▶ _PROMPT_
Write the entries out again exactly; any picture among them gets left out.

[Data items]
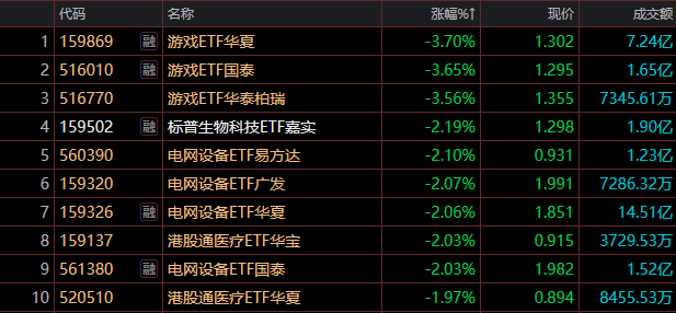 游戏ETF(159869)领跌3.7%,游戏ETF(516010)跌3.65%,游戏ETF(516770)跌3.56%。
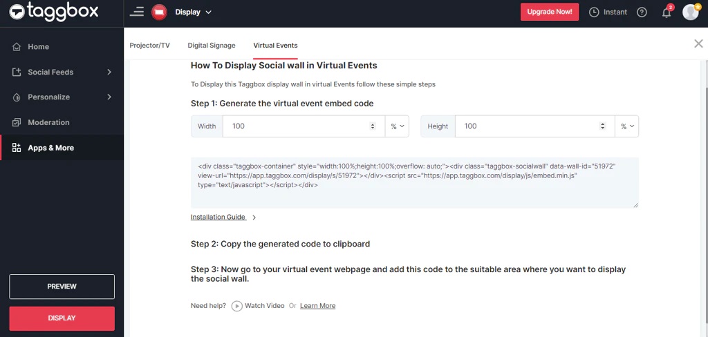 Befolgen Sie die angegebenen Anweisungen, um Ihren Einbettungscode zum Veröffentlichen einer Social Wall in Ihrem virtuellen Event zu erhalten.
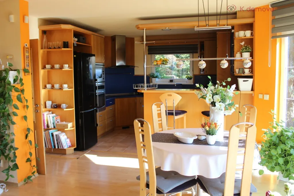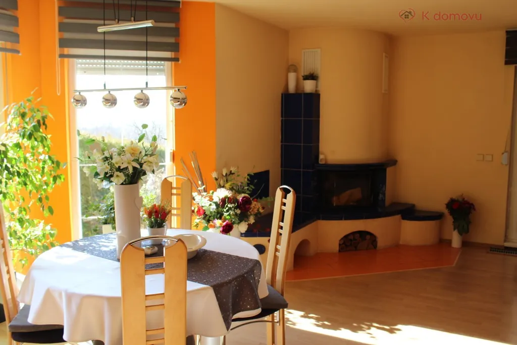 Srdcem domu je velkorysý obývací pokoj propojený s jídelnou o ploše 44 m², kde je dostatek místa pro rodinná setkání i posezení s přáteli. Příjemnou atmosféru zde vytvářejí kachlová kamna, která dodávají prostoru teplo i útulnost. Na obytnou část navazuje kuchyně a vstup na terasu s výhledem do zahrady.
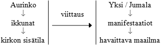 Auringon, ikkunoiden ja sisätilan muodostama rakenne viittaa tai vihjaa, että maailma kokonaisuudessaan on rakentunut samaan tapaan. Kirkkorakennuksen tehtävä on tarjota tila jumalanpalveluksen pitämiseksi; ikkunan tehtävä on päästää valoa sisätilaan. Mutta ikkunat yhdessä sisätilan kanssa toimivat myös merkkinä tai symbolina.
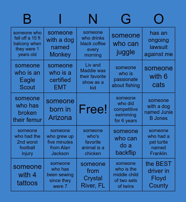 This bingo card has a free space and 24 words: someone who grew up five minutes from Alan Jackson, someone who has been sewing since they were 7, Liv and Maddie was their favorite show as a kid, someone with 4 tattoos, has an ongoing lawsuit against me, someone who fell off a 15 ft balcony when they were 1 years old, someone who is an Eagle Scout, someone with a dog named Monkey, someone who did competitive swimming for 6 years, someone who's favorite animal is a chicken, someone who is passionate about fishing, someone who has broken their femur, someone who can do a backflip, someone who had a pet turtle named Franklin, someone who is a certified EMT, someone who is the middle child of two sets of twins, someone with a dog named Junie B Jones, someone who drinks black coffee every morning, someone with 6 cats, someone born in Arizona, the BEST driver in Floyd County, someone who had the 2nd worst football injury, someone who can juggle and someone from Crystal River, FL.
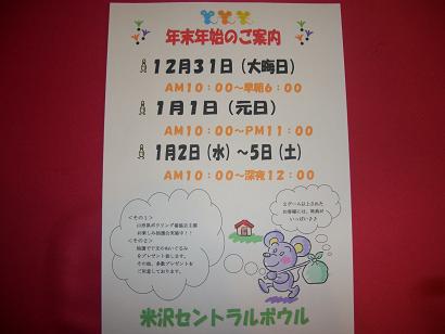 ▼米沢セントラルボウル★年末年始営業時間のお知らせ
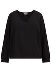 Normal geschnittene Bluse aus fein gewebtem Material mit V-Ausschnitt aus Spitze und langen Ärmeln mit Manschetten.
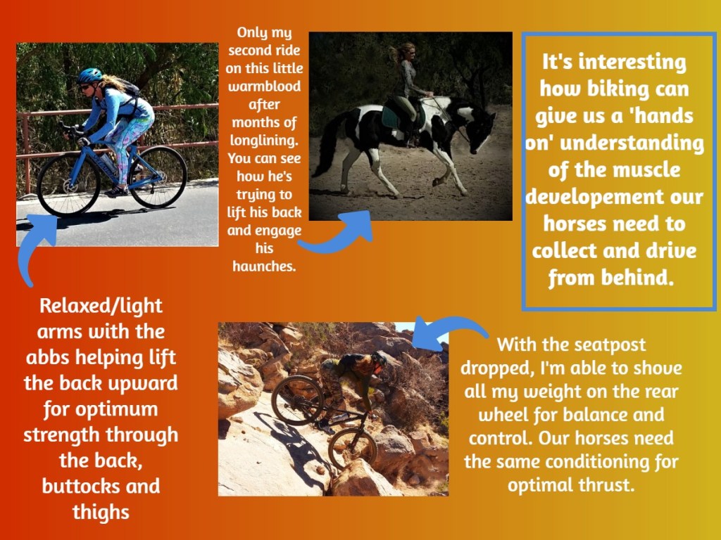 You might be thinking, “How strange.” I know, it is, actually. But I have learned, over the years, how the sport of road and mountain biking can help the equestrian rider understand the simple mechanics of how our horses need to use their muscles. In addition, becoming an experienced cyclist causes we, as riders, to evolve with a ‘hands on’ feel for what our horses need to succeed and be comfortable.
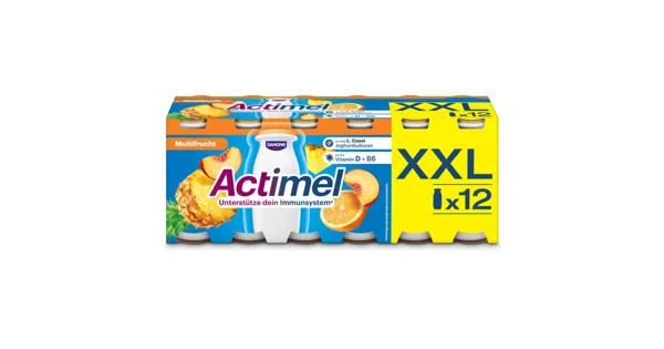 Milchmischerzeugnis mit Vitamin B6 und D. 1,5% Fett im Milchanteil Mhhh lecker – Multifrucht. Kennst du schon unsere aussergewöhnlich leckere Mischung aus tropischer Ananas, aromatischem Pfirsichund frischer Orange? Mit der exotischen Kombination bist du startklar für den Tag und durch die Vitamine B6 & D in unserem Actimel unterstützt du auch noch dein Immunsystem. Schütteln, Trinken, Startklar! – Zutaten: JOGHURT, entrahmte MILCH, Zucker, Fruchtsaft aus Fruchtsaftkonzentrat (1% Ananas, 0,6% Pfirsich, 0,3% Orange, 0,3% Erdbeere), Traubenzucker, MOLKENERZEUGNIS, modifizierte Stärke, Stabilisator Pektine, natürliches Aroma, Vitamin B6 und D, Kultur Lactobacillus casei. Zutaten: JOGHURT, entrahmte MILCH, Zucker, Fruchtsaft aus Fruchtsaftkonzentrat (1% Ananas, 0,6% Pfirsich, 0,3% Orange, 0,3% Erdbeere), Traubenzucker, MOLKENERZEUGNIS, modifizierte Stärke, Stabilisator Pektine, natürliches Aroma, Vitamin B6 und D, Kultur Lactobacillus casei.
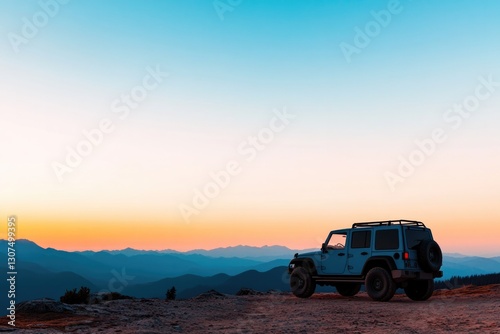 suv, parked, rugged, trail, mountain, distance, adventure, exploration, capture, vehicle, vibrant, sunset, lighting, casting, long, shadow, ground, offering, sense, freedom, fisheye, lense, encompass, expansive, landscape, composition, balanced, foreground, leading, line, guiding, viewer, gaze, into, horizon, natural, element, like, tree, rock
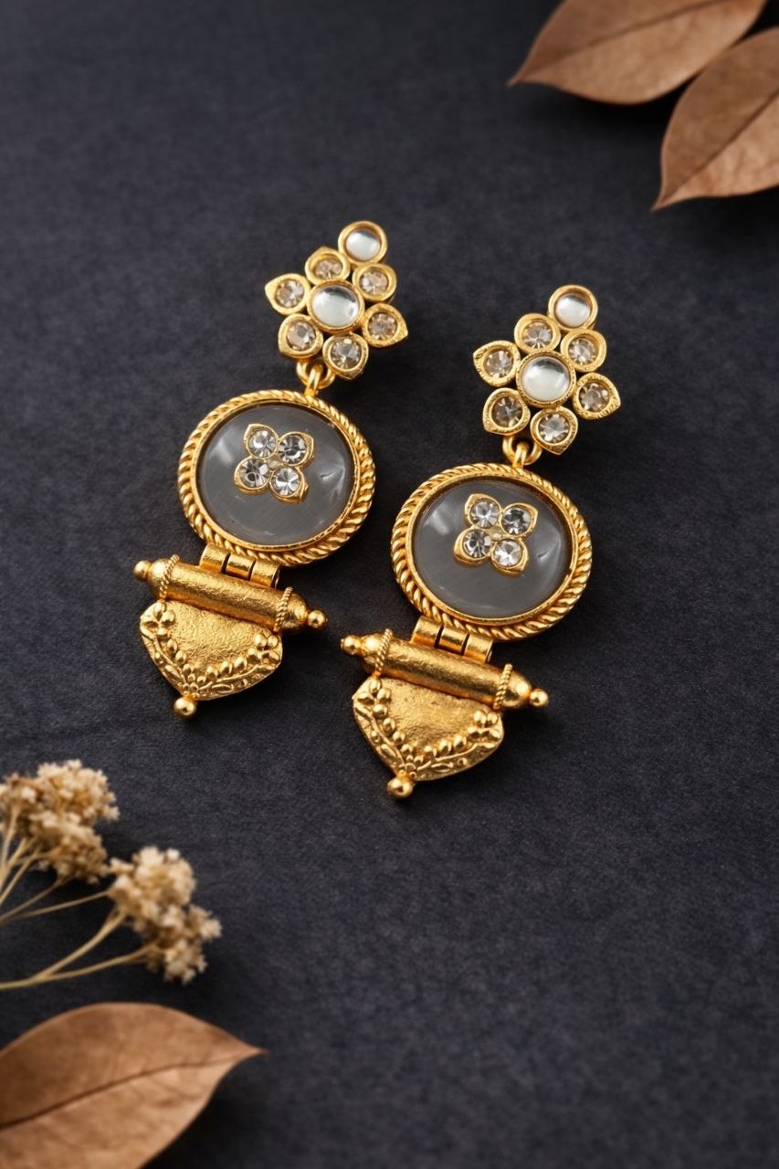 This beautifully crafted jewelry piece is perfect for women who appreciate ethnic designs with a modern touch. The intricate detailing reflects fine craftsmanship, while the lightweight structure ensures all-day comfort. Whether paired with sarees, lehengas, salwar suits, or Indo-western outfits, these earrings effortlessly elevate your style and add a statement to your overall appearance.
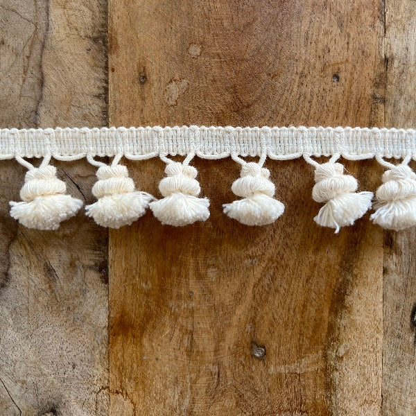 Passamaneria frangia pon pon nappine in cotone ideale per accessoriare abiti oppure per tende e tovaglia.

▶ _EXERCISE OUTPUT_
 游戏ETF(159869)领跌3.7%,游戏ETF(516010)跌3.65%,游戏ETF(516770)跌3.56%。
 Befolgen Sie die angegebenen Anweisungen, um Ihren Einbettungscode zum Veröffentlichen einer Social Wall in Ihrem virtuellen Event zu erhalten.
 Srdcem domu je velkorysý obývací pokoj propojený s jídelnou o ploše 44 m², kde je dostatek místa pro rodinná setkání i posezení s přáteli. Příjemnou atmosféru zde vytvářejí kachlová kamna, která dodávají prostoru teplo i útulnost. Na obytnou část navazuje kuchyně a vstup na terasu s výhledem do zahrady.
 Auringon, ikkunoiden ja sisätilan muodostama rakenne viittaa tai vihjaa, että maailma kokonaisuudessaan on rakentunut samaan tapaan. Kirkkorakennuksen tehtävä on tarjota tila jumalanpalveluksen pitämiseksi; ikkunan tehtävä on päästää valoa sisätilaan. Mutta ikkunat yhdessä sisätilan kanssa toimivat myös merkkinä tai symbolina.
 This bingo card has a free space and 24 words: someone who grew up five minutes from Alan Jackson, someone who has been sewing since they were 7, Liv and Maddie was their favorite show as a kid, someone with 4 tattoos, has an ongoing lawsuit against me, someone who fell off a 15 ft balcony when they were 1 years old, someone who is an Eagle Scout, someone with a dog named Monkey, someone who did competitive swimming for 6 years, someone who's favorite animal is a chicken, someone who is passionate about fishing, someone who has broken their femur, someone who can do a backflip, someone who had a pet turtle named Franklin, someone who is a certified EMT, someone who is the middle child of two sets of twins, someone with a dog named Junie B Jones, someone who drinks black coffee every morning, someone with 6 cats, someone born in Arizona, the BEST driver in Floyd County, someone who had the 2nd worst football injury, someone who can juggle and someone from Crystal River, FL.
 ▼米沢セントラルボウル★年末年始営業時間のお知らせ
 Normal geschnittene Bluse aus fein gewebtem Material mit V-Ausschnitt aus Spitze und langen Ärmeln mit Manschetten.
 You might be thinking, “How strange.” I know, it is, actually. But I have learned, over the years, how the sport of road and mountain biking can help the equestrian rider understand the simple mechanics of how our horses need to use their muscles. In addition, becoming an experienced cyclist causes we, as riders, to evolve with a ‘hands on’ feel for what our horses need to succeed and be comfortable.
 Milchmischerzeugnis mit Vitamin B6 und D. 1,5% Fett im Milchanteil Mhhh lecker – Multifrucht. Kennst du schon unsere aussergewöhnlich leckere Mischung aus tropischer Ananas, aromatischem Pfirsichund frischer Orange? Mit der exotischen Kombination bist du startklar für den Tag und durch die Vitamine B6 & D in unserem Actimel unterstützt du auch noch dein Immunsystem. Schütteln, Trinken, Startklar! – Zutaten: JOGHURT, entrahmte MILCH, Zucker, Fruchtsaft aus Fruchtsaftkonzentrat (1% Ananas, 0,6% Pfirsich, 0,3% Orange, 0,3% Erdbeere), Traubenzucker, MOLKENERZEUGNIS, modifizierte Stärke, Stabilisator Pektine, natürliches Aroma, Vitamin B6 und D, Kultur Lactobacillus casei. Zutaten: JOGHURT, entrahmte MILCH, Zucker, Fruchtsaft aus Fruchtsaftkonzentrat (1% Ananas, 0,6% Pfirsich, 0,3% Orange, 0,3% Erdbeere), Traubenzucker, MOLKENERZEUGNIS, modifizierte Stärke, Stabilisator Pektine, natürliches Aroma, Vitamin B6 und D, Kultur Lactobacillus casei.
 suv, parked, rugged, trail, mountain, distance, adventure, exploration, capture, vehicle, vibrant, sunset, lighting, casting, long, shadow, ground, offering, sense, freedom, fisheye, lense, encompass, expansive, landscape, composition, balanced, foreground, leading, line, guiding, viewer, gaze, into, horizon, natural, element, like, tree, rock
 This beautifully crafted jewelry piece is perfect for women who appreciate ethnic designs with a modern touch. The intricate detailing reflects fine craftsmanship, while the lightweight structure ensures all-day comfort. Whether paired with sarees, lehengas, salwar suits, or Indo-western outfits, these earrings effortlessly elevate your style and add a statement to your overall appearance.
 Passamaneria frangia pon pon nappine in cotone ideale per accessoriare abiti oppure per tende e tovaglia.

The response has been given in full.